SAN FRANCISCO (CN) - Foreshadowing a potential win for the Trump administration's deregulation agenda, a Ninth Circuit judge on Wednesday rejected arguments that the Energy Department intentionally relinquished its power to hold back stricter efficiency standards.
"Why in the world would an agency want to do this?" U.S. Circuit Judge Paul Watford asked during a hearing Wednesday.
Watford was responding to arguments posed by a coalition of environmental groups, 11 states, the District of Columbia and the city of New York. The coalition is defending a federal judge's February 2018 decision to thaw frozen Obama-era efficiency standards for large appliances and industrial equipment.
U.S. District Judge Vince Chhabria found Energy Department rules require it to publish efficiency standards that were advertised as final after a 45-day error-correction period.
The U.S. Justice Department says the error-correction process was designed to limit public input to fix errors and typos, not to hinder the agency's power to hold back regulations.
"It was not intended to constrain the agency's policy authority or its underlying discretion to determine prior to publication whether to promulgate a regulation," Justice Department lawyer H. Thomas Byron III told a three-judge panel Wednesday.
The stricter standards, scheduled to take effect after a 45-day review period that started in December 2016, would apply to air conditioners, air compressors, uninterruptable power supplies, walk-in coolers and freezers and commercial boilers.
The new rules are expected to save consumers and businesses $1.6 trillion, cut 6.5 billion tons of carbon dioxide emissions, and conserve more energy than the U.S. produces in a year by 2030, according to Energy Department estimates.
But Energy Secretary Rick Perry has refused to act on the proposed regulations since taking office in March 2017.
Representing the environmental groups, attorney Ian Fein argued that the department already decided to finalize the rules before the error-correction period started.
Without a court order requiring the standards to be published, the energy-saving rules will remain in regulatory limbo, Fein told the panel.
"It would deprive the public of these enormous public benefits that the agency itself has found and not disclaimed, and it would injure the industry that in good faith relied on these final standards posted on the agency's website," Fein said.
Fein is with the Natural Resources Defense Council.
Addressing the Justice Department lawyer, U.S. Circuit Judge Mary Schroeder asked why the error-correction rule and its regulatory history are silent on the agency's authority to hold back a standard that was supposed to be published.
"Ambiguity in the rule should not be read to support plaintiffs' idea that there was intent to constrain the agency's policy-making authority," Byron said.
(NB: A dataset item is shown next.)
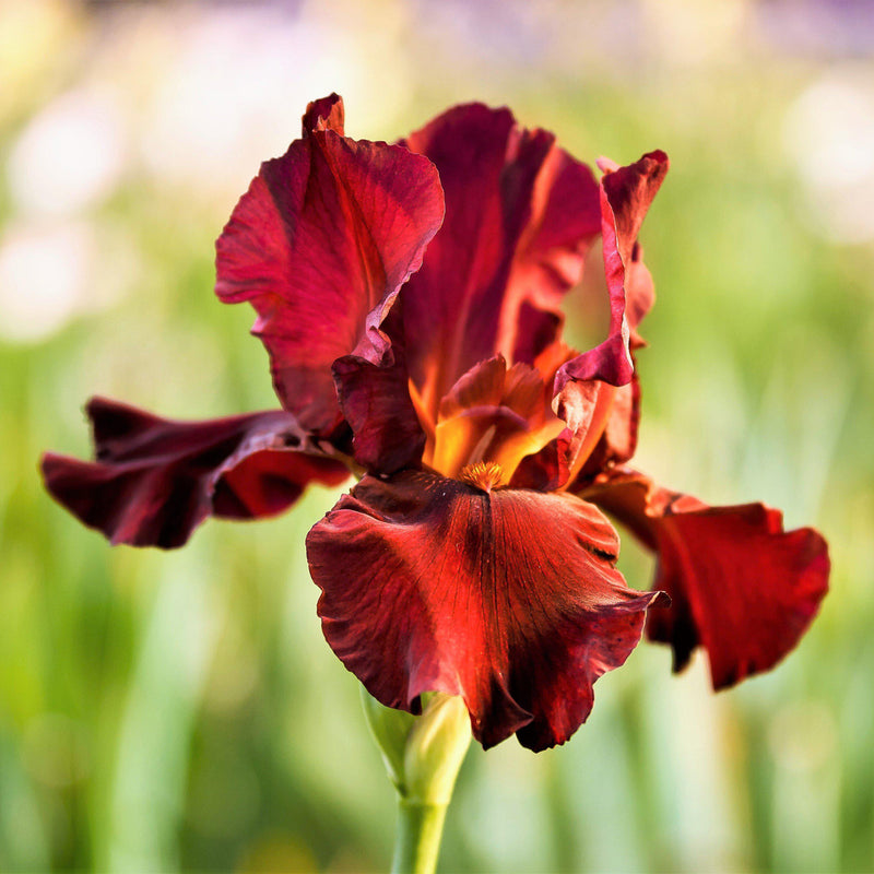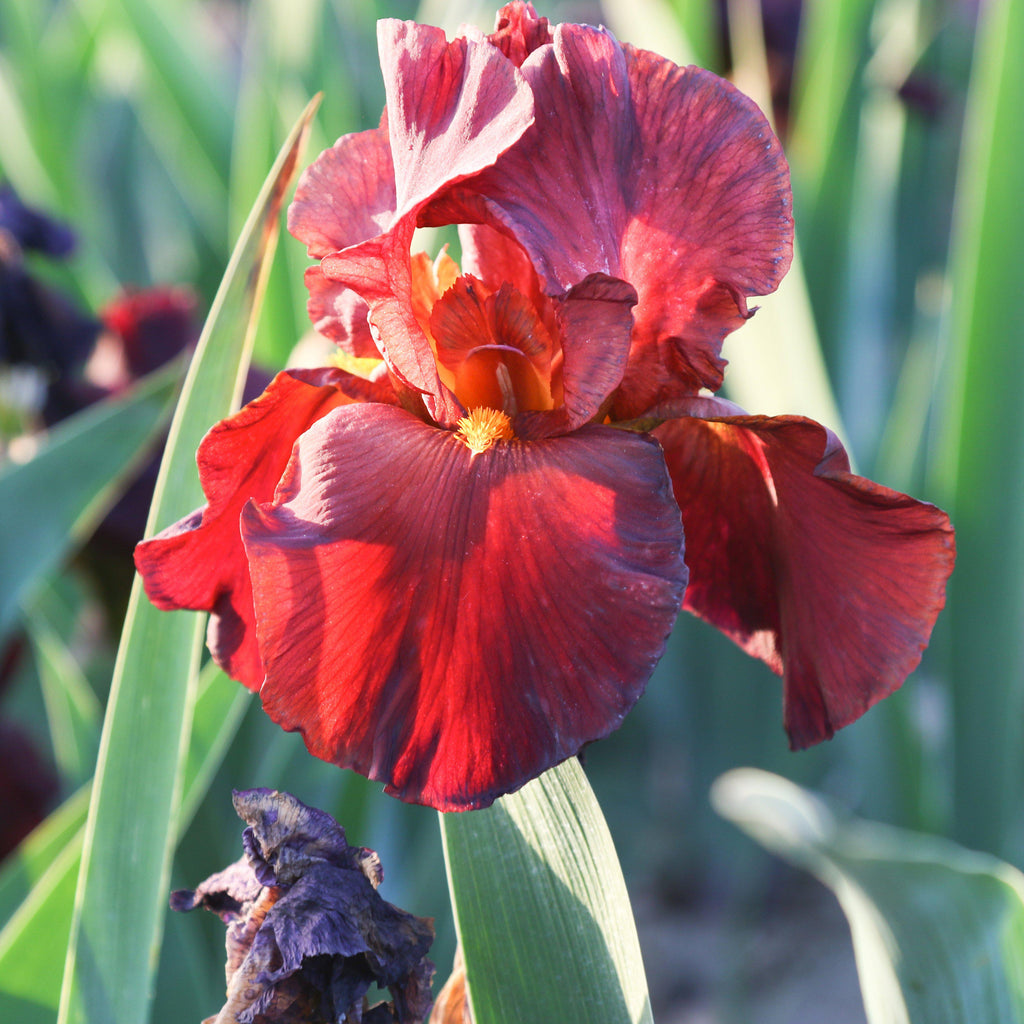 War Chief is a red reblooming bearded iris that absolutely glows in the sunlight. It’s rare to find a red colorfast Iris that won’t fade in full sun, but Iris War Chief meets the challenge head on, firing up every garden where it’s planted. During spring and fall, War Chief’s deep burgundy petals with striking indigo veins and a bright yellow beard set your garden aflame!
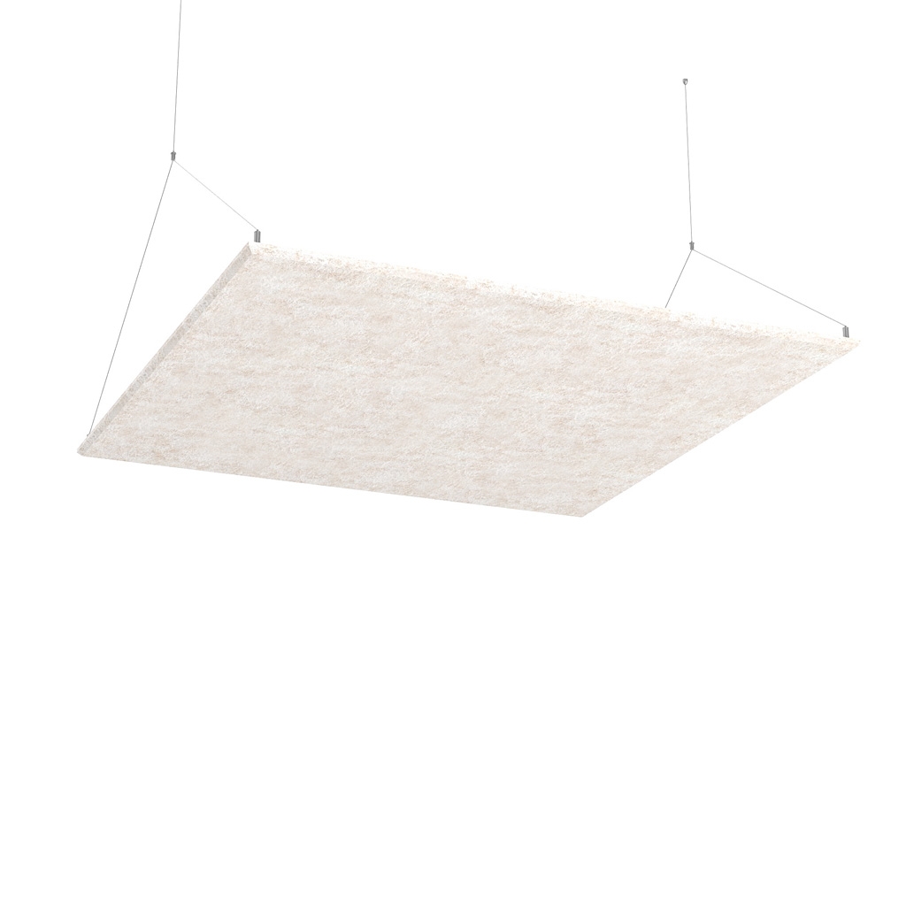 Ceiling-suspended acoustic panels are available in rectangular and square shapes. Also made from 100% PET felt with a thickness of 18mm, they provide high sound absorption and aesthetic balance in the space. Ceiling suspension is achieved via an adjustable-height hanging system, allowing adaptation to the needs of any environment.

U.S. District Judge David Ezra, sitting on the panel by designation from the District of Hawaii, cautioned that a ruling in favor of the plaintiffs could have far-reaching implications for judicial power over executive decisions.
"I'm just wondering whether the district court has that kind of enormous power," Ezra said. "I think not."
Also supporting the stricter energy standards, California Deputy Attorney General Somerset Perry attempted to assuage any fears that a decision in favor of the plaintiffs would dramatically enhance judicial power over executive agencies.
"It will require the agency publish these standards," Perry said. "If the agency is concerned about this moving forward, it can amend the rule. It can't distort the rule it previously promulgated."
After about 45 minutes of debate, the panel took the arguments under submission.
Schroeder and Watford were appointed by Presidents Jimmy Carter and Barrack Obama, respectively. Ezra was appointed by Ronald Reagan.
Plaintiffs involved in the lawsuit include the states of California, Connecticut, Illinois, Maine, Maryland, Massachusetts, New York, Oregon, Pennsylvania, Vermont, Washington state, the District of Columbia, and the city of New York.
Other groups challenging the frozen efficiency standards include the Natural Resources Defense Council, the Sierra Club, Consumer Federation of America, and Texas Ratepayers’ Organization to Save Energy.
The Air-Conditioning, Heating & Refrigeration Institute, an industry trade group, also intervened as a defendant in the case.